◆ What the task requires: Make an exact copy of the entries below with the pictures removed.

◆ Data listing:
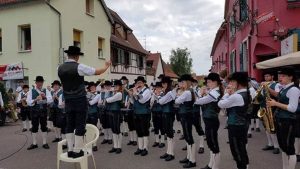 Über Einladung der Stadt Marlenheim im Elsaß organisierte Ehrenkapellmeister Max Staflinger vom 13.-16.08.2017 bereits die 5. Konzertfahrt in diese Weinstadt. Unter Obmann DI Hubert Brandmayr und Kpm. DI Bernhard Hutterer umrahmten die Oberösterreicher bei der historischen Fürstenhochzeit „Le Mariage de l`Ami Fritz“ mit österreichischer Blasmusik Diplomaten-Empfänge, Hochzeitszug und Marienprozession sowie den Festgottesdienst. Bei der nachmittägigen Brautmesse brillierte der Oboist Stefan Zeininger mit seinem Solo. Höhepunkt war am Vortag der Hochzeit das nächtliche Jubiläumskonzert auf dem Hauptplatz mit dem Solo der Schlagzeuggruppe.
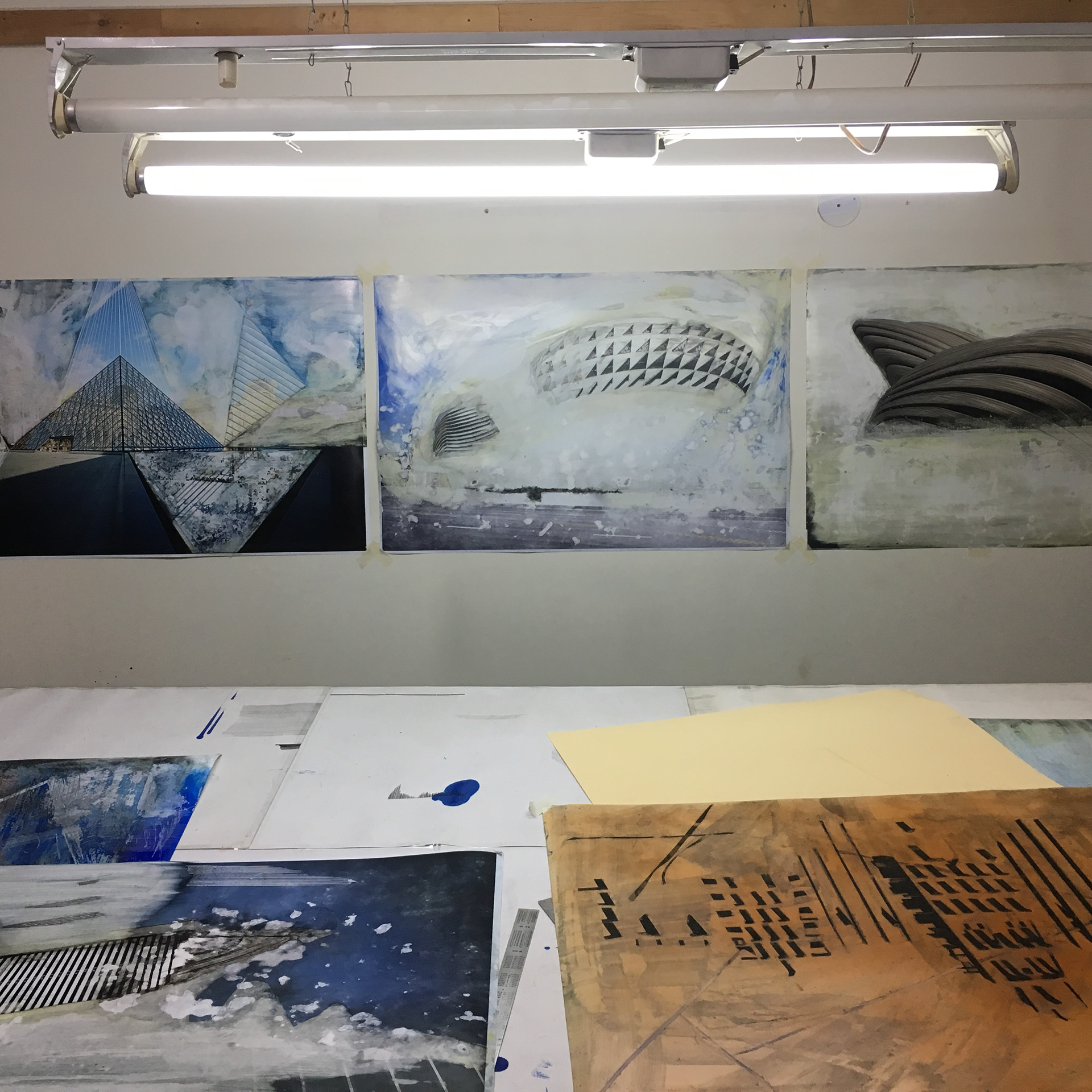 The work hinges on examining architectural forms, some real, some imagined by appropriating, redistributing and reconfiguring our external and internal perceptions of space and time.
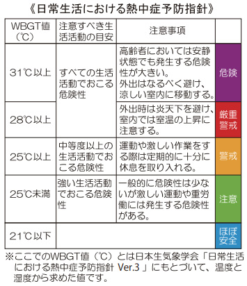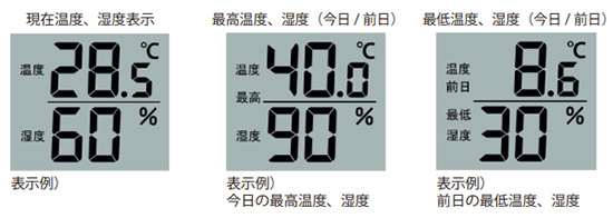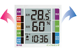 | ●熱中症の予防に 熱中症暑さ指数をWBGT値およびバー5段階で表示 設定したWBGT値でアラームを鳴らす警報機能付 休息や水分補給の目安に ●季節性インフルエンザの予防に 季節性インフルエンザ指数を絶対湿度およびバー3段階で表示 温度調整や加湿の目安に ●最高、最低値を表示 今日と前日の最高温度・湿度、最低温度・湿度を表示 ![]() ■製品概要 ![]() ●熱中症計 WBGT値に基づいた5段階の警報度をバー表示 ![]() ●インフルエンザ指数計 絶対湿度に基づいた3段階の警報度をバー表示 ![]() ●現在温度、湿度表示と最高値・最低値表示 現在の温度、湿度を表示します。 ボタン操作により、今日および前日の最高最低値を表示することができます。 ![]() ■仕様
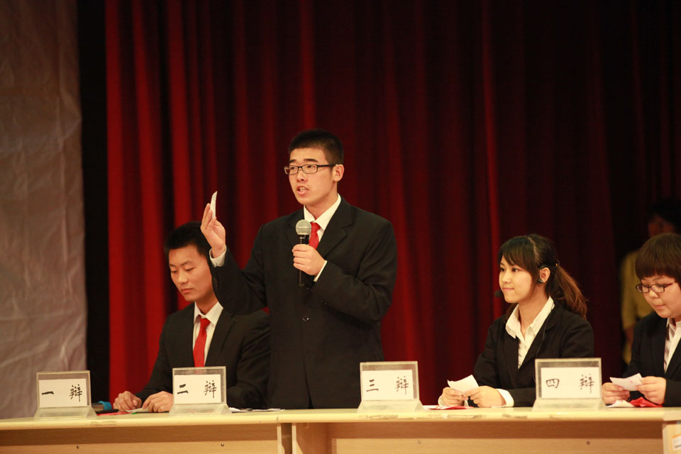 甲组(院系代表队)比赛决赛中,正方生命科学技术学院代表队与反方基础医学院代表队围绕“‘中国式过马路’现象应以政策管理还是思想引导为主”展开辩论。正方强调,政策管理与思想引导并举,但应以政策管理为主;反方则从内外因方面着手,强调以思想引导为基础,辅之以政策管理才是解决问题的关键。自由对驳,双方辩手妙语连珠。提问环节,观众都积极参与,选手们机敏回答。经过激烈角逐,甲组中生命科学技术学院摘得桂冠,基础医学院获亚军,基础医学院代表队二辩获甲组最佳辩手。
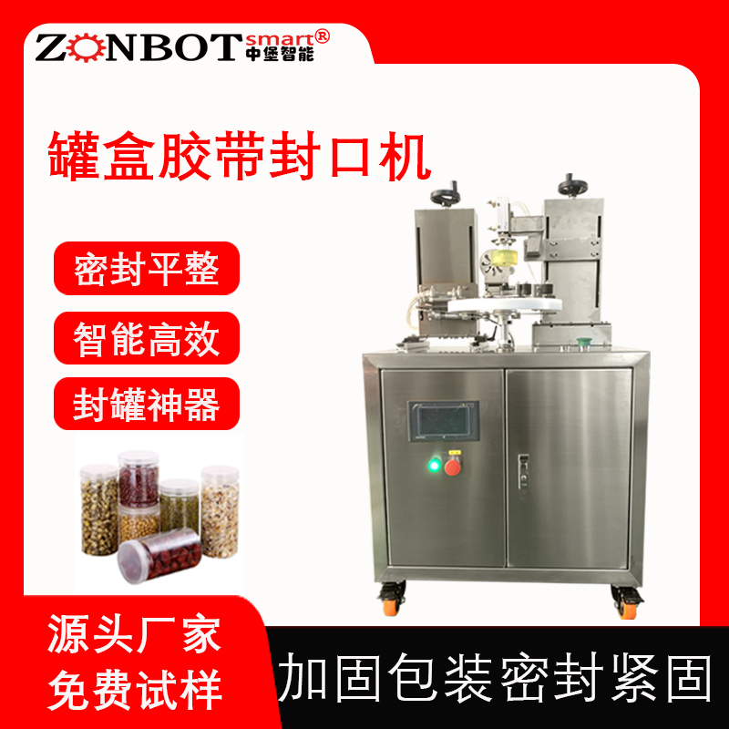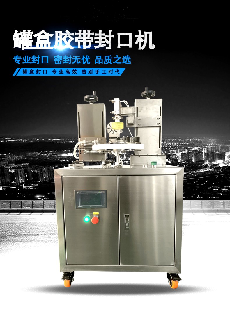 罐盒膠帶封口機是一種專門用于對罐盒等容器進行封口的設備,主要是通過膠帶粘貼的方式來密封容器開口。其工作原理是將膠帶從膠帶卷上引出,然后利用機械裝置將膠帶平整地貼合在罐盒的開口邊緣,經(jīng)過滾壓等方式使膠帶牢固地粘在罐盒上,從而實現(xiàn)封口。 結構組成 膠帶供給系統(tǒng):包括膠帶卷放置軸、膠帶張力控制裝置和膠帶引導部件。膠帶卷放置軸用于安裝膠帶卷,其設計要能適應不同尺寸的膠帶卷。膠帶張力控制裝置可以確保膠帶在輸送過程中保持適當?shù)膹埩Γ苊饽z帶過松或過緊。膠帶引導部件則負責將膠帶從膠帶卷準確地引導到封口位置。 封口執(zhí)行機

◆ Solution below:
 Über Einladung der Stadt Marlenheim im Elsaß organisierte Ehrenkapellmeister Max Staflinger vom 13.-16.08.2017 bereits die 5. Konzertfahrt in diese Weinstadt. Unter Obmann DI Hubert Brandmayr und Kpm. DI Bernhard Hutterer umrahmten die Oberösterreicher bei der historischen Fürstenhochzeit „Le Mariage de l`Ami Fritz“ mit österreichischer Blasmusik Diplomaten-Empfänge, Hochzeitszug und Marienprozession sowie den Festgottesdienst. Bei der nachmittägigen Brautmesse brillierte der Oboist Stefan Zeininger mit seinem Solo. Höhepunkt war am Vortag der Hochzeit das nächtliche Jubiläumskonzert auf dem Hauptplatz mit dem Solo der Schlagzeuggruppe.
 The work hinges on examining architectural forms, some real, some imagined by appropriating, redistributing and reconfiguring our external and internal perceptions of space and time.
 | ●熱中症の予防に 熱中症暑さ指数をWBGT値およびバー5段階で表示 設定したWBGT値でアラームを鳴らす警報機能付 休息や水分補給の目安に ●季節性インフルエンザの予防に 季節性インフルエンザ指数を絶対湿度およびバー3段階で表示 温度調整や加湿の目安に ●最高、最低値を表示 今日と前日の最高温度・湿度、最低温度・湿度を表示 ![]() ■製品概要 ![]() ●熱中症計 WBGT値に基づいた5段階の警報度をバー表示 ![]() ●インフルエンザ指数計 絶対湿度に基づいた3段階の警報度をバー表示 ![]() ●現在温度、湿度表示と最高値・最低値表示 現在の温度、湿度を表示します。 ボタン操作により、今日および前日の最高最低値を表示することができます。 ![]() ■仕様
 甲组(院系代表队)比赛决赛中,正方生命科学技术学院代表队与反方基础医学院代表队围绕“‘中国式过马路’现象应以政策管理还是思想引导为主”展开辩论。正方强调,政策管理与思想引导并举,但应以政策管理为主;反方则从内外因方面着手,强调以思想引导为基础,辅之以政策管理才是解决问题的关键。自由对驳,双方辩手妙语连珠。提问环节,观众都积极参与,选手们机敏回答。经过激烈角逐,甲组中生命科学技术学院摘得桂冠,基础医学院获亚军,基础医学院代表队二辩获甲组最佳辩手。
 罐盒膠帶封口機是一種專門用于對罐盒等容器進行封口的設備,主要是通過膠帶粘貼的方式來密封容器開口。其工作原理是將膠帶從膠帶卷上引出,然后利用機械裝置將膠帶平整地貼合在罐盒的開口邊緣,經(jīng)過滾壓等方式使膠帶牢固地粘在罐盒上,從而實現(xiàn)封口。 結構組成 膠帶供給系統(tǒng):包括膠帶卷放置軸、膠帶張力控制裝置和膠帶引導部件。膠帶卷放置軸用于安裝膠帶卷,其設計要能適應不同尺寸的膠帶卷。膠帶張力控制裝置可以確保膠帶在輸送過程中保持適當?shù)膹埩Γ苊饽z帶過松或過緊。膠帶引導部件則負責將膠帶從膠帶卷準確地引導到封口位置。 封口執(zhí)行機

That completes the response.